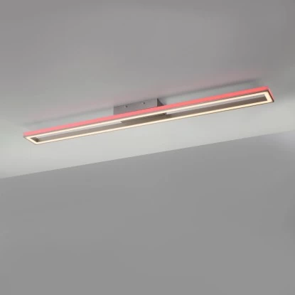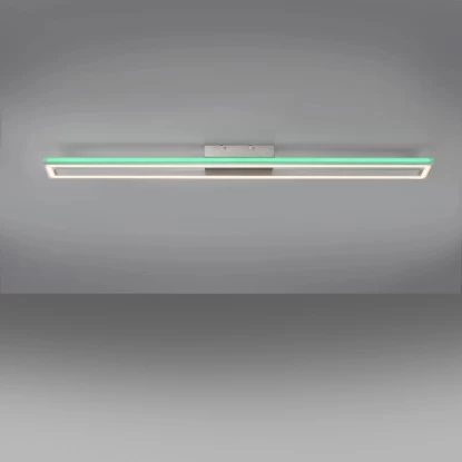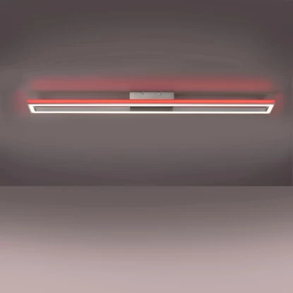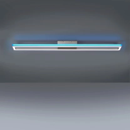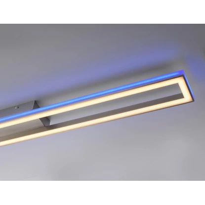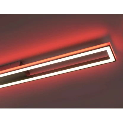 Die neue Leuchtenserie Helix mit der Paul Neuhaus Deckenleuchte Helix Aluminium RGB Sidelight CCT Downlight vereint zwei getrennt steuerbare LED-Lichtbänder in einem innovativen Aluminiumprofil. Seitlich zur indirekten Ausleuchtung erstrahlen die Helix Leuchten im RGB-Modus und im rechten Winkel abgewandt dazu im CCT-Modus vom Warmweiß bis Tageslichtweiß. Beide Lichtbänder sind über die Fernbedienung (inklusive) getrennt voneinander steuerbar und lassen sich stufenlos individuell einstellen. Dieser moderne Hingucker überzeugt an der Decke durch das schlanke Design mit einer Länge von 110,0cm, einer Breite von 10,0cm und einer Höhe von 6cm.
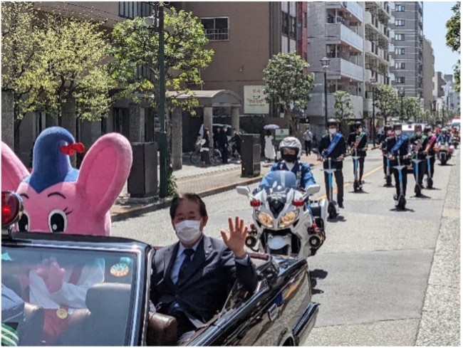 世界No.1マイクロモビリティサービスBIRDを日本で展開するBRJ株式会社(読み方:ビーアールジェイ かぶしきがいしゃ 本社:東京都港区、代表取締役/CEO:宮内 秀明、以下「BRJ」)は、4月10日11時より、電動キックボード「BIRD(バード)」を地域住民に安全利用いただくことを目的として、三鷹署が実施する交通安全車両パレードに初参加しました。
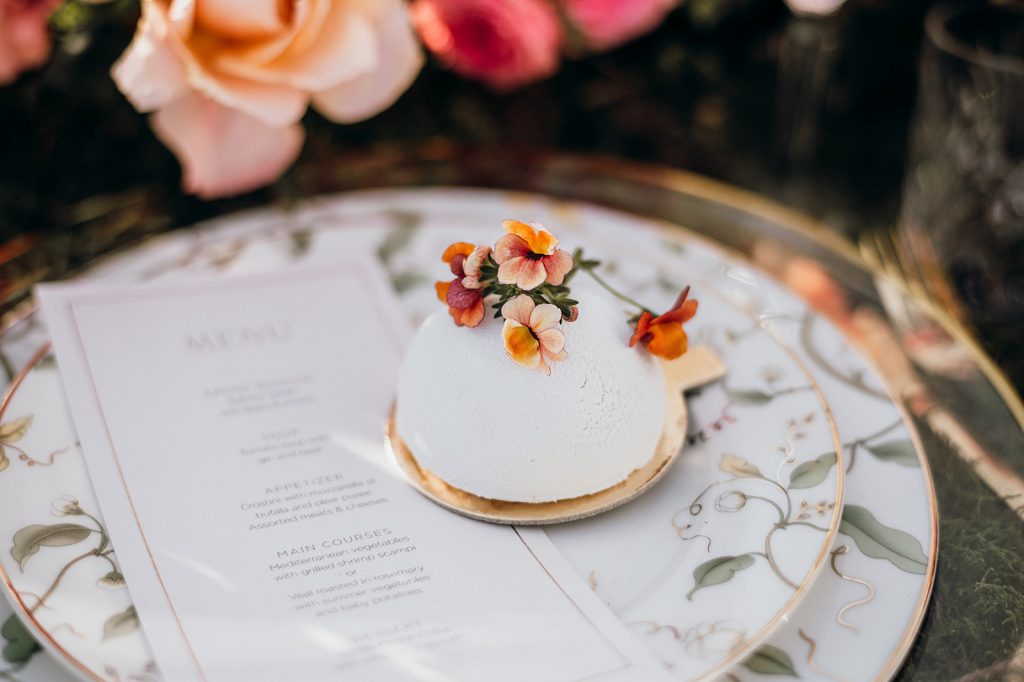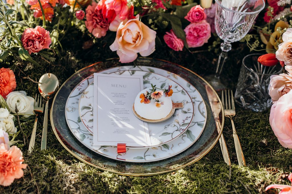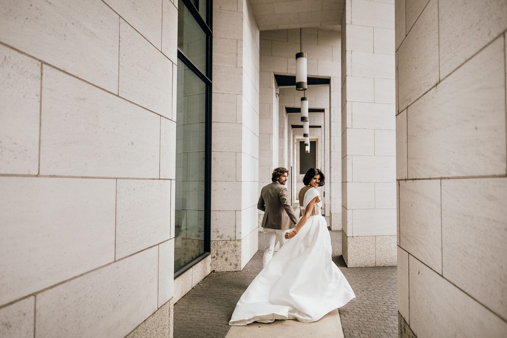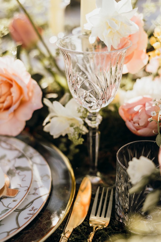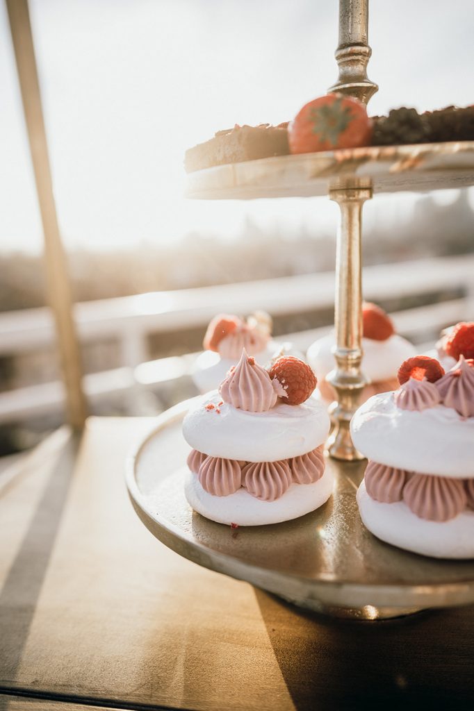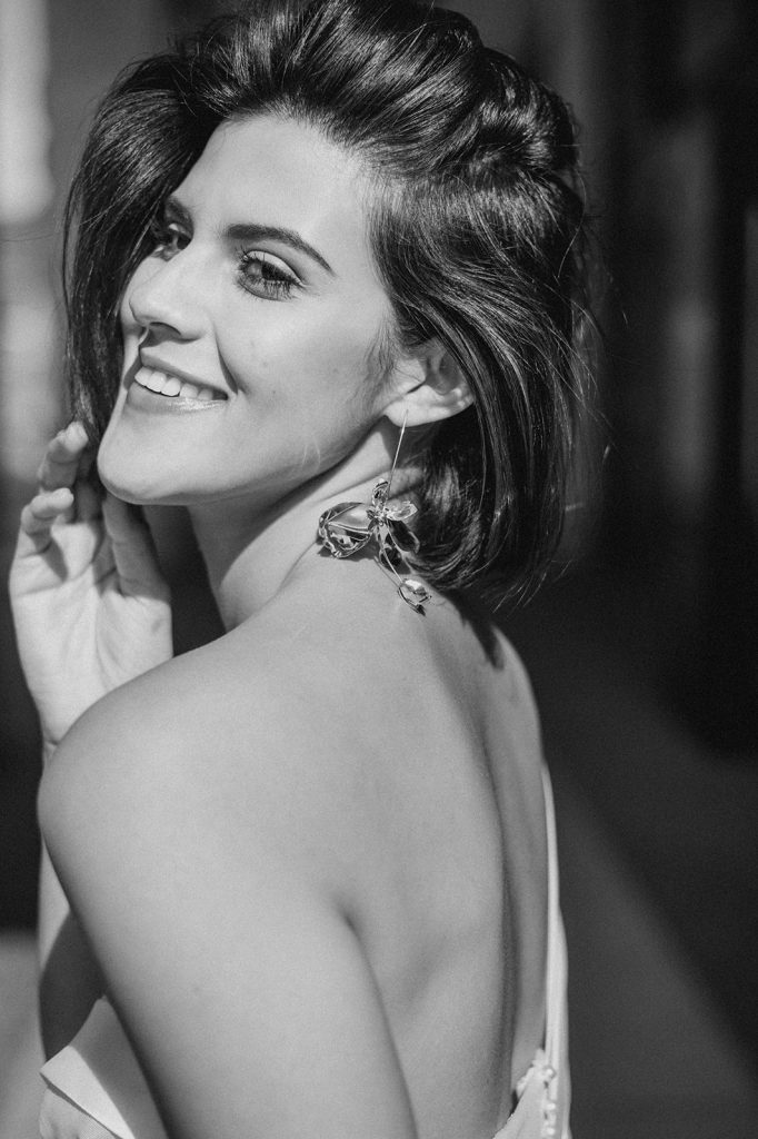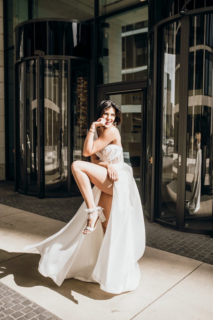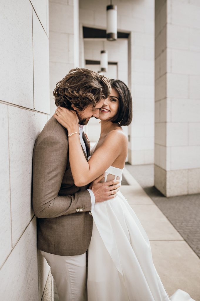 Ziel dieses Inspirationsshootings war es, den Glamour der Metropole Frankfurt im New York-Style aufleben zu lassen und die beiden Elemente Moderne und Opulenz zu vereinen, was besonders am Stil des Brautkleids sowie der Floristik zu erkennen ist. Ebenso wie die Stadt selbst, sollte der gesamte Blumenschmuck in Textur und Farben vereinnahmend sein und als Highlight in voller Pracht erstrahlen. Klare Linien auf der einen Seite und opulente Floristik auf der anderen, gepaart mit dezenten Goldtönen, welche auf leuchtende Sommerfarben von Gelb über Tangerine bis Pink treffen. Diesem wunderbaren Schauspiel von Farben kann man sich nicht entziehen und man lässt sich förmlich treiben – ein grandioser Blick auf die Skyline, gekrönt von einem atemberaubenden Sonnenuntergang und einem funkelnden Lichtermeer. Diese luxuriöse und spektakuläre Kulisse ist ein Fest der Sinne, welches dazu einlädt, sich bis in die Morgenstunden zu vergnügen und gemeinsam das Leben zu zelebrieren.
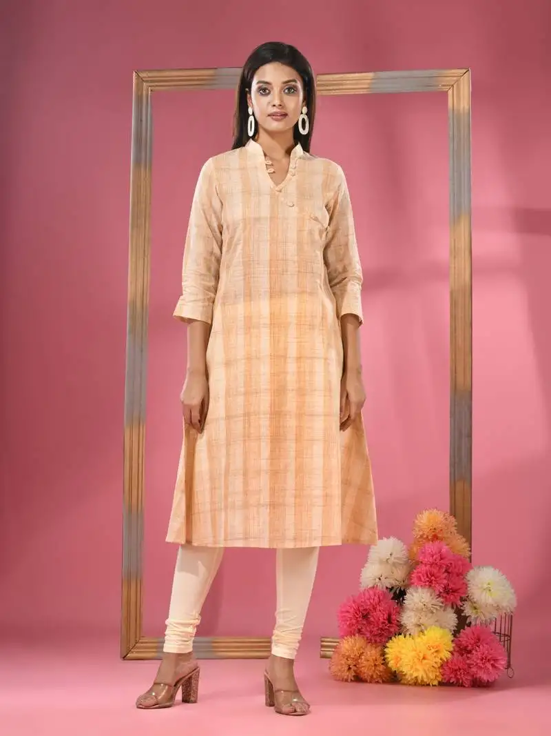 Sale!Beige cotton angrakha-style kurta

» **ASSIGNED TASK**:
An exact transcript of the listing is needed, free of pictures.

» **EXERCISE OUTPUT**:
 Die neue Leuchtenserie Helix mit der Paul Neuhaus Deckenleuchte Helix Aluminium RGB Sidelight CCT Downlight vereint zwei getrennt steuerbare LED-Lichtbänder in einem innovativen Aluminiumprofil. Seitlich zur indirekten Ausleuchtung erstrahlen die Helix Leuchten im RGB-Modus und im rechten Winkel abgewandt dazu im CCT-Modus vom Warmweiß bis Tageslichtweiß. Beide Lichtbänder sind über die Fernbedienung (inklusive) getrennt voneinander steuerbar und lassen sich stufenlos individuell einstellen. Dieser moderne Hingucker überzeugt an der Decke durch das schlanke Design mit einer Länge von 110,0cm, einer Breite von 10,0cm und einer Höhe von 6cm.
 世界No.1マイクロモビリティサービスBIRDを日本で展開するBRJ株式会社(読み方:ビーアールジェイ かぶしきがいしゃ 本社:東京都港区、代表取締役/CEO:宮内 秀明、以下「BRJ」)は、4月10日11時より、電動キックボード「BIRD(バード)」を地域住民に安全利用いただくことを目的として、三鷹署が実施する交通安全車両パレードに初参加しました。
 Ziel dieses Inspirationsshootings war es, den Glamour der Metropole Frankfurt im New York-Style aufleben zu lassen und die beiden Elemente Moderne und Opulenz zu vereinen, was besonders am Stil des Brautkleids sowie der Floristik zu erkennen ist. Ebenso wie die Stadt selbst, sollte der gesamte Blumenschmuck in Textur und Farben vereinnahmend sein und als Highlight in voller Pracht erstrahlen. Klare Linien auf der einen Seite und opulente Floristik auf der anderen, gepaart mit dezenten Goldtönen, welche auf leuchtende Sommerfarben von Gelb über Tangerine bis Pink treffen. Diesem wunderbaren Schauspiel von Farben kann man sich nicht entziehen und man lässt sich förmlich treiben – ein grandioser Blick auf die Skyline, gekrönt von einem atemberaubenden Sonnenuntergang und einem funkelnden Lichtermeer. Diese luxuriöse und spektakuläre Kulisse ist ein Fest der Sinne, welches dazu einlädt, sich bis in die Morgenstunden zu vergnügen und gemeinsam das Leben zu zelebrieren.
 Sale!Beige cotton angrakha-style kurta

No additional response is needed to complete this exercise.